I sudcoreani temevano che Washington avrebbe presto ritirato anche le garanzie dell’ombrello nucleare. In quel 1972, i diplomatici sudcoreani cercarono di negoziare con Canada e Francia l’acquisizione di un impianto per il riprocessamento dell’uranio. Un passo coronato da successo nel 1974, con il via libera di Parigi. Quando Saigon cadde in mano alle forze nordvietnamite, un anno dopo, Seul si mostrò piccata e dichiarò senza indugi la volontà ferrea di proseguire nello sviluppo del deterrente nucleare, nel caso in cui Washington avesse smantellato le armi atomiche tattiche dislocate nella penisola.

Furono minacce effimere. Anche perché, quando gli Usa paventarono di ritirare tutte le forze convenzionali, quelle nucleari, e di denunciare l’accordo di sicurezza bilaterale che legava i due paesi dall’armistizio del 1953, i sudcoreani rientrarono nei ranghi e non produssero alcun materiale fissile.

.Anzi, si vincolarono nel 1974 a un accordo con gli americani che proibiva il riprocessamento del combustibile nucleare esaurito dall’uso civile, e nel 1975 aderirono al trattato di non proliferazione, aprendosi da allora alle ispezioni regolari dell’Agenzia Internazionale per l’Energia Atomica (AIEA).

Fecero solo alcuni esperimenti su pochi milligrammi di plutonio, non adatti alla realizzazione di bombe, testando processi di arricchimento chimico e laser entro una certa soglia. Non li notificarono all’AIEA, ma erano anni difficili, in cui il regime di Pyongyang stava gettando le prime basi del suo armamento nucleare. Parallelamente ai programmi mai sbocciati di armi atomiche, i sudcoreani si misero subito all’opera in campo missilistico. Concepirono un primo sistema superficie-superficie, l’NHK-1 Baekgom, testandolo il 26 settembre 1978.

Il missile aveva una gittata di 180 km. Era incentrato sul SAM Nike Hercules. Ed era stato provato con successo in 67 lanci, un’accelerazione legata al fatto che in quegli anni Washington stava ritirando i propri missili dalla Corea del Sud, con la disattivazione del 4th Missile Command.

Il Baegkom lasciò di stucco gli americani. Che reagirono. Nel 1979, ‘imposero’ a Seul un memorandum d’intesa, noto come Missile Note.
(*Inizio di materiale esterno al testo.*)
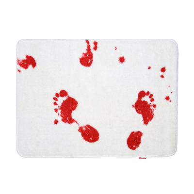 Le matériau moelleux de ce tapis de bain est imprimé avec des empreintes de pieds rouges, donnant l'impression que quelqu'un vient de marcher avec des pieds ensanglantés dans ta salle de bain. Il s'accorde parfaitement avec notre rideau de douche bain de sang, pour une atmosphère d'horreur parfaite.

Una sorta di argine alle intemperanze dell’alleato. Il MoU esigeva che Seul realizzasse solo missili di gittata inferiore a 180 km, con un payload massimo di 300 chili.

In contropartita gli Stati Uniti si impegnavano a trasferire know-how balistico. Era un do ut des problematico. Seul non abbandonò infatti la sua ascesa balistica e, negli anni ’80, quando Pyongyang si dotò dei primi Scud-B, mise a punto un altro missile, a propellente solido, limitandolo comunque a 180 km di portata, nonostante nei test fosse emersa la possibilità di raggiungere 250 km di raggio. Era l’atto di nascita della serie degli Hyunmoo.

Nel 1987, lo Hyunmoo-1 era ormai operativo. Vennero acquistati 12 MEL, complessi a rimorchio, capaci di garantire mobilità al missile, che era lungo 12 m e pesante 5 tonnellate, imperniato su una configurazione bi-stadio a guida inerziale. Gli americani reagirono blandamente. Ma fecero pressioni per rinnovare il Missile Note. Ed ebbero successo, perché l’intesa fu raggiunta nel 1990, con le stesse limitazioni della precedente.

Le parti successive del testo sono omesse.